Yesterday was a particularly bad Friday the 13th at Spot Runner, the Los Angeles startup that is trying to Web advertising techniques to TV. The company told employees it would need to go through its third major round of layoffs in less than a year. At least 60 people were told the would be let go, the company confirms. We’ve added the 60 to our Layoff Tracker.
This is on top of the 115 employees who lost their jobs last November and the 50 more last August. Throw in natural attrition, and the company, which at one point numbered more than 500 employees, could soon be down to less than 120 people.
The layoffs supposedly triggered the WARN Act, which requires companies to give employees 60 days notice for any mass layoff—defined as 33 percent or more of the active workforce. That would suggest Spot Runner currently employs less than 180 people, and after the layoffs take effect will employ less than the 120 mentioned above. Spokesperson Rosabel Tao disputes that math, saying, “As a private company, we do not disclose employee figures but it is out of hundreds.” She also notes that the California WARN Act is more stringent than the federal one and requires notice if 50 or more employees are effected, regardless of the percentage.

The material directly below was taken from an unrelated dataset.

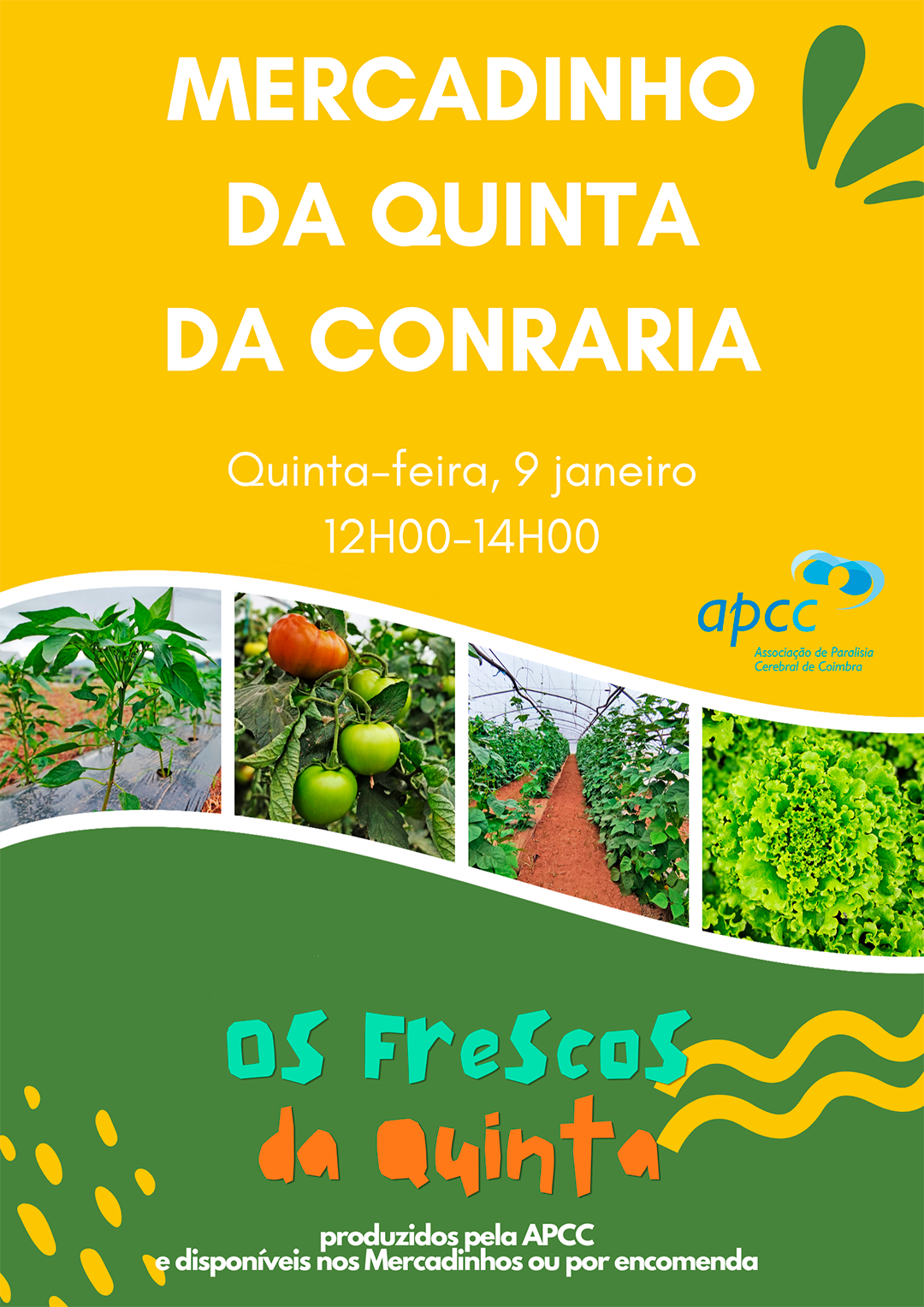 Tem também à sua disposição a possibilidade de encomendar Os Frescos da Quinta, até 8 de janeiro. Veja na página de Facebook da APCC os produtos disponíveis para a semana em causa e faça a sua encomenda através do telefone +351 239 802 820, do e-mail armazem.quinta@apc-coimbra.pt ou do formulário disponível em https://bit.ly/osfrescosdaquinta. Poderá depois levantá-la durante o Mercadinho do Centro de Reabilitação, que se realiza no dia 10 de janeiro (11H30-13H00).

Tips started coming in to us yesterday. One mentioned that Spot Runner employees were updating their Facebook statuses with references to “suite 2160,” the conference room where the last round of layoffs took place. Tao confirms that most of the layoffs will be coming from the local search and local outbound sales groups, which is the business Spot Runner got into when it acquired Weblistic a year ago. She writes in an email:
The economic environment continues to worsen, with a rebound not expected until at least late next year. Companies are pulling back their marketing spend across all types of media. Local merchants simply aren’t advertising to the degree they were before and are pulling back their budgets. Like everyone else, Spot Runner has been impacted by these changes and we are hunkering down to get through this recession. Our core focus has not changed. We are a tech platform business for video, TV and online. This is about continuing to tighten our focus and investing our capital resources in the areas where there is the most opportunity.
As I said earlier, about 60 people were given notice that their jobs would be going away in a couple of months. . . . While there will be cuts throughout the company, they are primarily in two areas – local search and outbound sales for the local platform business. It is not the entire Weblistic team, but a good number of them. Just to be clear, we are not getting out of local TV but we are going to focus on our partnerships rather than independent local merchants.
. . . Our top priority continues to be Project Malibu and we will continue to invest heavily in developing this technology. This is an all-digital platform that streamlines and enhances the process of buying and selling all forms of TV and video advertising to benefit media owners and their advertising clients. We believe this is a game changing product and that this will be a significant business for us.
Whether or not the company has a future seems to be tied to the fate of “Project Malibu,” a digital ad-buying platform for TV commercials which one former employee characterizes as its Hail Mary pass.